Sudbury

Classes resume for school kids evacuated from northern Ontario First Nation

The kids of the northern Ontario First Nation of Kashechewan can't go home until the flood waters recede, but this week they did go back to school.

This is the first year classes have been organized for evacuees

Kashechewan students leave the Senator Hotel in Timmins to board a school bus to their temporary classrooms at Northern College. (Erik White/CBC )

The school day for kids from Kashechewan begins with breakfast served in a hotel banquet room and waiting in the hotel lobby for the bus to pull up.

Even though the community on Ontario's remote James Bay Coast evacuates every spring, this is one of the first years that First Nation leaders have pushed to keep students in school while they're away from home.

"We've been here going on two weeks almost and that's a very long time to miss their schooling," says Sophia Lazarus, principal at Francine Wesley Secondary School in Kashechewan.

Now her school is as spread out as her community, with classes for evacuees being held in Thunder Bay, Kapsukasing, Cochrane and in Timmins, where students have moved into two empty classrooms at Northern College. 

"It's nice here. But it's not the same without the regular class schedules back home," says 17-year-old Faith Wynne, who is in Grade 11.

"So it's kind of hard to do our work."

But Wynne says it's much better than past evacuations, which she's been through every spring of her young life, when students would be left on their own to work through homework booklets known as "evacuation packages."

Kashechewan students get "evacuation packages" detailing the school work they're supposed to cover during the annual evacuation of the James Bay community. (Erik White/CBC )

"It's just when you're lost, it's hard to get back on track once you've been away for a long time and without the help from the teachers," says Wynne, who hopes to go to college to study law and politics or learn to operate heavy machinery.

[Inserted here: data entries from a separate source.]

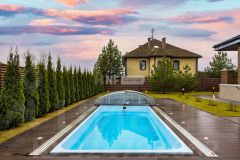 Участок 15 соток, ровный, огорожен забором на бетонном основании, установлены автоматические ворота, дорожки и парковка вымощены брусчаткой.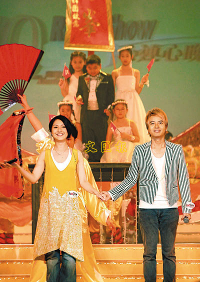 【本報訊】(記者 李思穎)李克勤、楊千嬅、衛詩、呂方、鍾鎮濤等20多位歌手,前晚參與《RoadShow慶回歸心連心晚會》演出,各歌手都悉心打扮到場,克勤就以潮版西裝上衣上陣,Jill特以低胸紅色裙來賀回歸,應昌佑亦特地穿上紅襪子喜慶一番,而呂方和當晚擔任司儀之一的女友嘟嘟亦安排同台,氣氛熱鬧。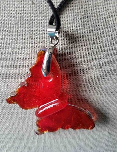 This statement necklace features a large butterfly-shaped pendant crafted from translucent cherry-red glass. The piece appears to be made using a slumping or kiln-forming technique rather than traditional free-blowing, resulting in a thick, substantial profile with smooth, rounded edges. The glass displays internal texturing and micro-bubbles (seeds), consistent with artisan-made glass, which creates a shimmering effect when light passes through. The butterfly wings are asymmetrical and stylized, with a raised central 'body' section. It includes a polished white-metal pinch bale with a bright chrome-like finish, transitioning to a simple black cord. The overall construction suggests a contemporary piece, likely late 20th to early 21st century, emulating the Venetian glass traditions of Murano. While no signatures or labels are visible on the glass itself, the clarity and saturation of the red pigment indicate quality craftsmanship. The condition appears excellent with no visible chips, fractures, or significant surface scratches, and the metal bail shows high luster without significant oxidation or wear.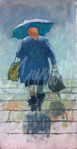 In his own words: On a wet day in Spennymoor, waiting for a bus and talking about Spennymoor and painting, he looks at the queue, mostly young women; “Les parapluies, look at that petrol puddle on the road. Pure Renoir.”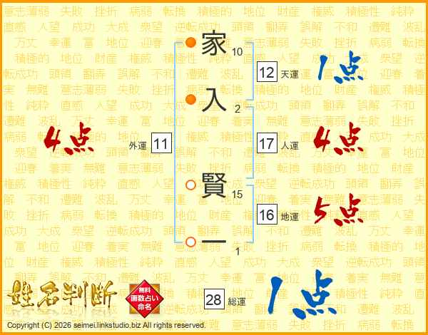 生活面を象徴する運勢です。外部から受ける影響力を表し、結婚運、家庭運や職場、環境への順応性を表します。総運から人運を引いた画数。姓や名が1文字の場合を除く。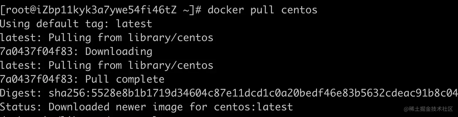 - 拉取镜像,这里会发现镜像也是一层一层拉取的;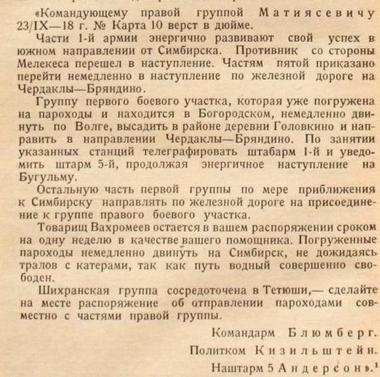 А Тухачевский продолжал заваливать Вацетиса телеграммами. 21 сентября: “Настойчиво прошу Вас посадить правобережную Вашу группу на пароходы и экстренно доставить её в Симбирск”. 22 сентября: “Прошу энергично воздействовать вас на пятую армию и перебросить их силы на пароходах в Симбирск”.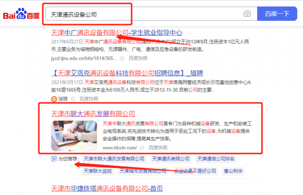 我們公司與天津市*大通訊發展有限公司合作中,對這個公司所經營的通訊設備這個行業提供了優化排名,與該公司的合作,更多的客戶讓我們公司為其提供快速排名,通過每一次合作,我們公司不斷完善自己,同時希望合作伙伴在經營的路上越來越好。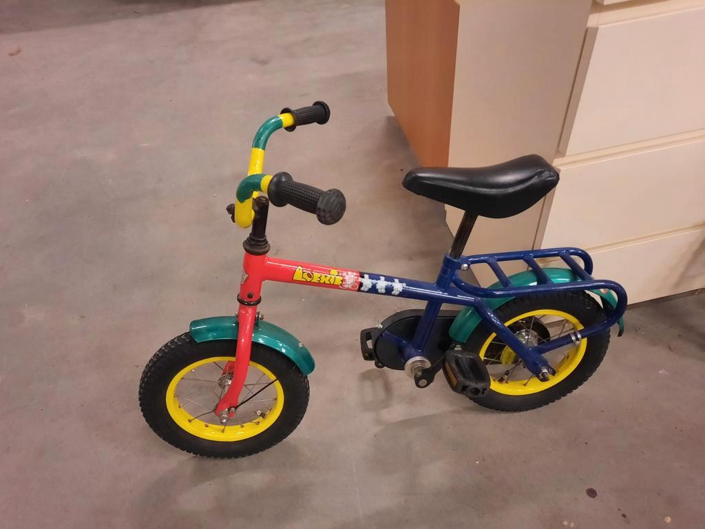 Loekie kinderfietsje zonder zijwieltjes en geen standaard. 12 Inch banden alleen terugtraprem. In gebruikte staat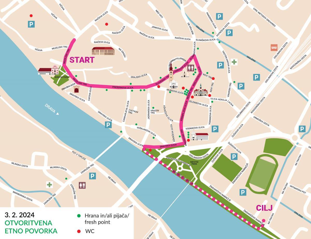 Muzejski trg – Prešernova ulica – Slovenski trg– Slomškova ulica – tržnica– Miklošičeva ulica – Mestni trg – Krempljeva ulica – Minoritski trg – Miheličeva galerija - Karnevalska dvorana, dvorana Campus Sava Ptuj.

"It would be hard to catch up when we get back to our school. It was really stressing."

Principal Lazarus says keeping up attendance has been a struggle for years at her school, which this year had to share spare with the First Nation's elementary school.

It was closed due to mould concerns in the fall and children from junior kindergarten to Grade 12 have been crowded into the high school this school year, with classes running from 7 a.m. to 7 p.m.

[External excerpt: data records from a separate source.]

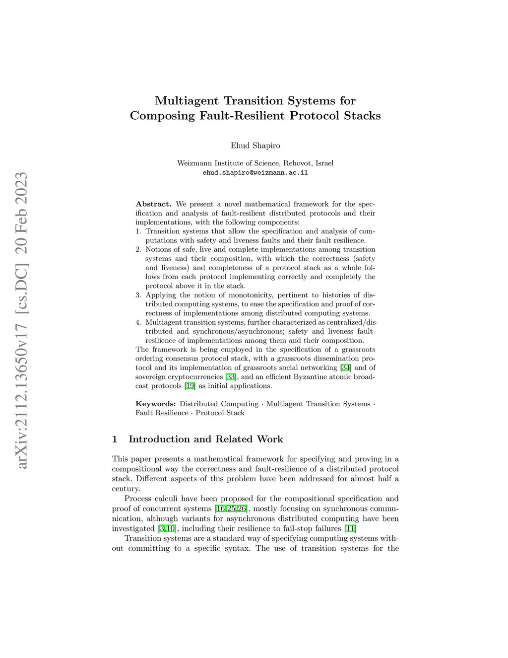 We present a novel mathematical framework for the specification and analysis of fault-resilient distributed protocols and their implementations, with the following components: 1. Transition systems that allow the specification and analysis of computations with safety and liveness faults and their fault resilience. 2. Notions of safe, live and complete implementations among transition systems and their composition, with which the correctness (safety and liveness) and completeness of a protocol stack as a whole follows from each protocol implementing correctly and completely the protocol above it in the stack. 3. Applying the notion of monotonicity, pertinent to histories of distributed computing systems, to ease the specification and proof of correctness of implementations among distributed computing systems. 4. Multiagent transition systems, further characterized as centralized/distributed and synchronous/asynchronous; safety and liveness fault-resilience of implementations among them and their composition. The framework is being employed in the specification of a grassroots ordering consensus protocol stack, with a grassroots dissemination protocol and its implementation of grassroots social networking and of sovereign cryptocurrencies, and an efficient Byzantine atomic broadcast protocols as initial applications.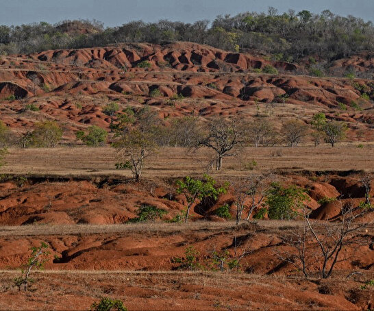 On pourrait appeler ça un paysage lunaire, mais comme la terre fissurée de cratères est rouge, il semble plutôt sorti tout droit de la planète Mars. Bienvenue dans la région de Gilbués, commune du nord-est du Brésil où la désertification avance à grands pas.
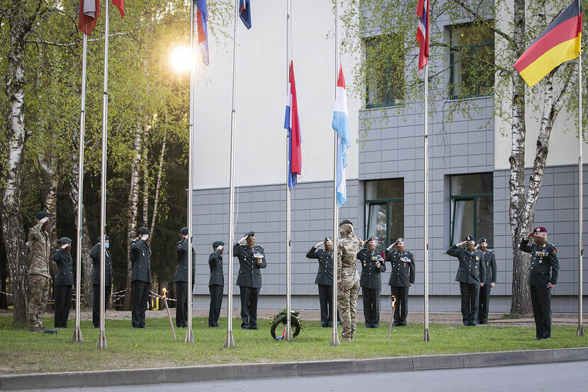 Op de ‘thuisbasis’ van de enhanced Forward Presence-missie in het Litouwse Rukla dragen de militairen uit voorzorg een mondkapje. Dus ook tijdens de Nederlandse Dodenherdenking.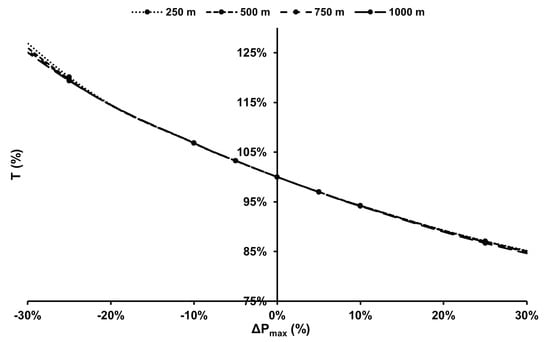 In Figure 14, the effect of maximum power attainable for the non-fatigued athlete on run-time is studied. It is important to note that all curves collapse on the same line, rendering this correlation independent from a distance. The gradient slightly decreases with increasing level of , indicating that for every step gained in maximum power by, e.g., training, an ever-smaller benefit in run-time will be achieved. This is mainly caused by the aerodynamic drag being proportional to v, the power required to maintain a given velocity increasing rapidly with v. Nevertheless, changes in show nominally the largest impact on run-time.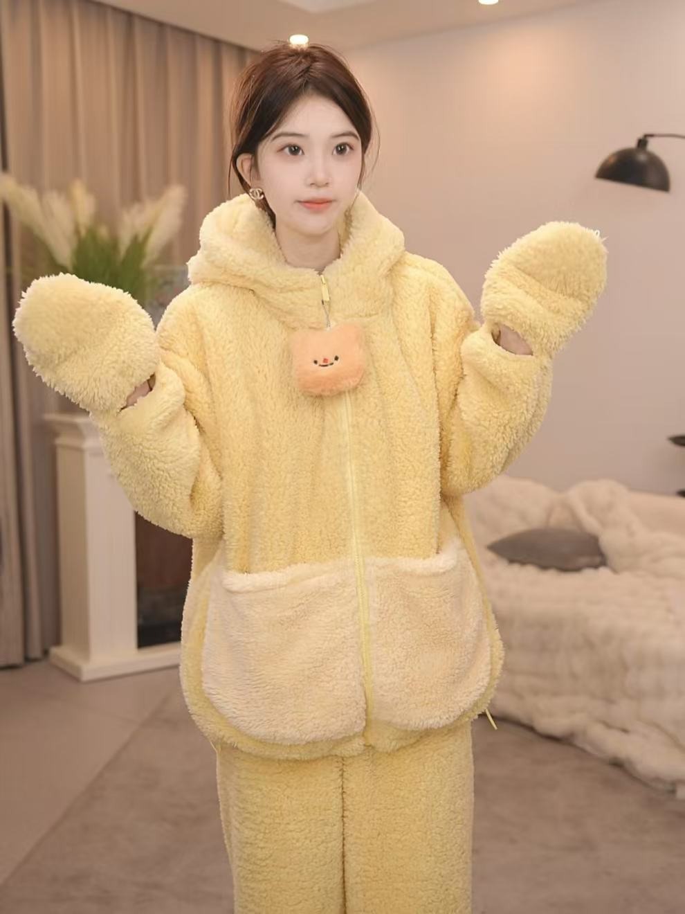 [버터베어 A] 홈 의류 잠옷 세트 여성용 겨울 두꺼운 후드 따뜻한 달콤하고 사랑스러운 아우터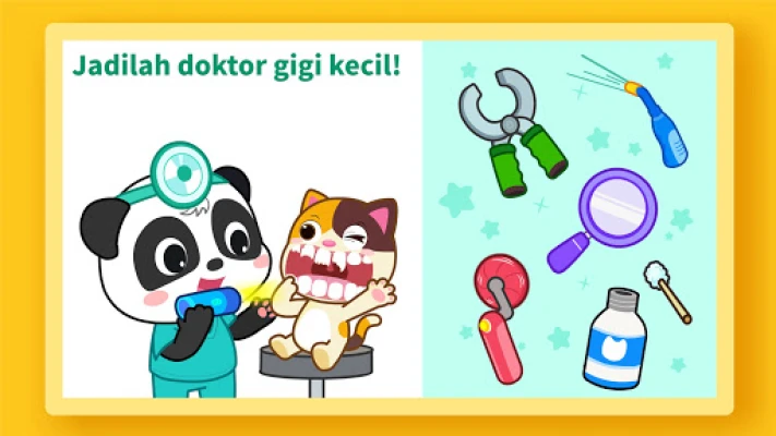 Di salun gigi yang sibuk ini, anda bukan sahaja akan merawat arnab, badak air, dan tikus, tetapi juga pelbagai haiwan comel lain seperti monyet dan kucing yang sabar menanti kepakaran anda. Setiap sesi rawatan menawarkan peluang unik untuk si kecil anda mengasah kemahiran motor halus, belajar tentang kebersihan gigi, dan membangunkan rasa empati. Alami pengalaman bertugas sebagai doktor gigi profesional dan pastikan setiap pesakit cilik pulang dengan senyuman lebar. Aplikasi ini dibawakan kepada anda oleh BabyBus, sebuah jenama yang didedikasikan untuk mencetuskan kreativiti dan imaginasi kanak-kanak, membantu mereka meneroka dunia melalui permainan yang mendidik dan menyeronokkan.

"It's tiring. Not only for the students, but for the teachers as well," she says.

Principal Sophia Lazarus is hopeful that Kashechewan won't fall behind in their studies during this evacuation thanks to the temporary school set up in the host cities of Timmins, Kapuskasing, Cochrane and Thunder Bay. (Erik White/CBC )

This year, Kashechewan is set to see a class of 19 high school graduates, by far the most in recent memory.

Teachers like Ken Babinchak are hoping to keep students focused on their schooling during the evacuation.

"Just to get them to come out has been difficult. Every time we see them in the halls we say 'You coming to school tomorrow?' and they say 'Yes. Maybe' and we managed to get a good crowd today and we hope to build on it. But I know it's not the first thing on their minds," he says.

"Yesterday I thought I was going to get bed sores I watched so much TV. Everyone spends a lot of time in a hotel and that gets to be pretty boring after a while."

High school science teacher Ken Babinchak has worked in Kashechewan for four years and has been evacuated with the rest of the commnuity every year. (Erik White/CBC )

The science teacher originally from Toronto has been in Kashechewan for four years, being forced out of his home with everyone else each spring with the rising flood risk on the Albany River.

"It's cold, it's windy, it's barren. There are only four seasons: winter, mud, dust and mosquito. But you learn to love the place," says Babinchak, who is set to retire at the end of this school year.

"Everyone wants to get back. That's where their lives are. That's where my teaching life is. This isn't really teaching. We can't hope to even hope to even keep up with the curriculum like we have to."

12-year-old Kashechewan evacuee Max Stephen works on his math on the first day of classes at the temporary school at Northern College. (Erik White/CBC )

In the temporary classrooms in Timmins, you hear some students talking with teachers about household finance and agriculture, while others flip through copies of Hamlet and Indian Horse.

You also hear students like 12-year-old Max Stephen talking about how many times he's been shopping at Walmart or listing the movies he's seen at the cinema in Timmins, both luxuries for a kid from an isolated fly-in community.

"I was nervous to come to school here, but it's been good," he says while filling out a math work sheet.

Sign in one of the Timmins hotels housing Kashechewan evacuees reminding kids to go to school. (Erik White/CBC )

The ice on the Albany River is finally breaking up and people in Kashechewan are hopeful they'll be returning home next week.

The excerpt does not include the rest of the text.